In response, Kristen Monsell, an attorney with the Center for Biological Diversity, said, “An oil spill here would do incredible damage, and it’d be impossible to clean up.”

And now in a devastating, uncompromising rebuke to Trump and Zinke, the head of the U.S. Coast Guard has agreed with the Center for Biological Diversity: The U.S. cannot successfully clean up an oil spill in the Arctic.

Admiral Paul Zukunft, who was the federal on-scene coordinator for the Deepwater Horizon oil spill, told a Washington symposium hosted by the U.S. Arctic Research Commission and NOAA that they would not recover all the oil if there was a spill in the Arctic.

Zukunft (his speech begins at 1:52) spoke to the Symposium on the Impacts of an Ice-Diminishing Arctic on Naval and Maritime Operations, warning about how climate change was changing the Arctic, with glaciers retreating and ice disappearing due to “polar acceleration.”

“You have got to understand what is happening to high latitudes,” he said, before adding you have to see what is happening “first hand” and “how it is affecting the whole globe around us.”

He then went on to talk about oil spills:

“I can assure you that if there is an oil spill, we’re not going to recover all that oil.

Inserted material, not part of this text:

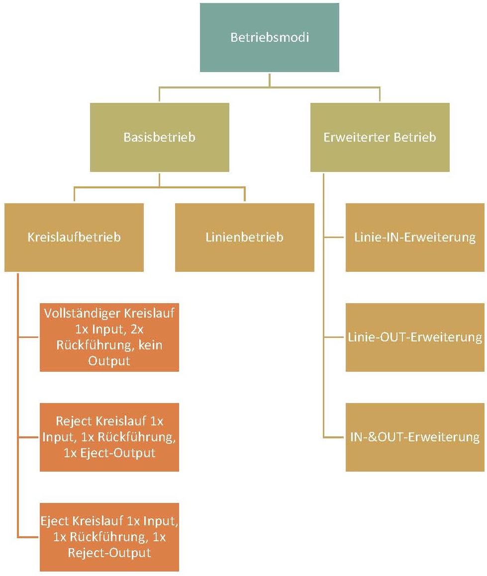 Je nachdem, ob das zu untersuchende Material die Anlage nur einmal oder (zumindest teilweise) mehrmals durchlaufen soll, wird hier nochmals zwischen Linienbetrieb (keine Materialrückführung) und Kreislaufbetrieb (Rückführung von mindestens einem Teilstrom) unterschieden.
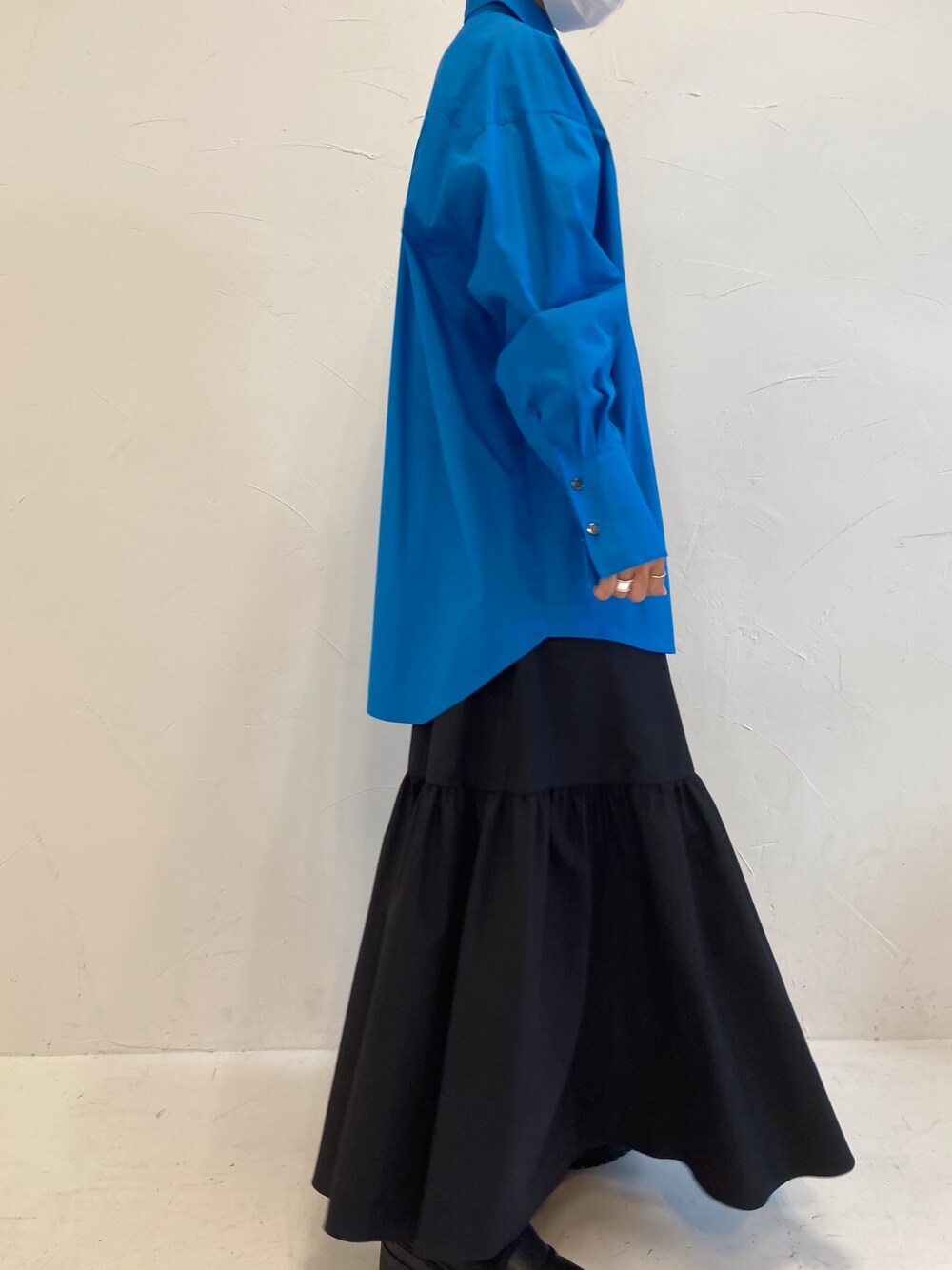 秋のスタートに一押しのカラーシャツ×ティアードスカートコーデ! カラーシャツは羽織でも1枚着としてもこれからの時期大活躍のアイテム👔 シンプルコーデこそカラーアイテムを取り入れて1ランク上のシンプルコーデを極めましょう★

On the best of days, during the Deepwater Horizon cleanup, we maybe recovered 15 percent of that oil. And when I say recovered we burnt it, we dispersed it and it was flat calm and we had a fleet of over 6,000 ships out there doing recovery operations, and we had the infrastructure to support all of that.”

“Now you put that many people up in Barrow, Alaska. They better be carrying polar bear spray, because they’re going to be camped out with mosquitoes as we don’t have the infrastructure up there.”

He ended by warning: “We don’t know what Mother Nature would do and we don’t know the long term impacts to one of the most pristine environments in the world. It’s not an area we want to oil and then find out after the fact.”

He was not alone: The former chief Navy oceanographer Rear Admiral Jonathan White told the conference there was still no proven methods of cleaning up an oil spill in ice.

Their warnings come as the House begins the process of trying to open up drilling in Alaska’s Arctic National Wildlife Refuge, long seen as one of the last true wilderness areas in the U.S.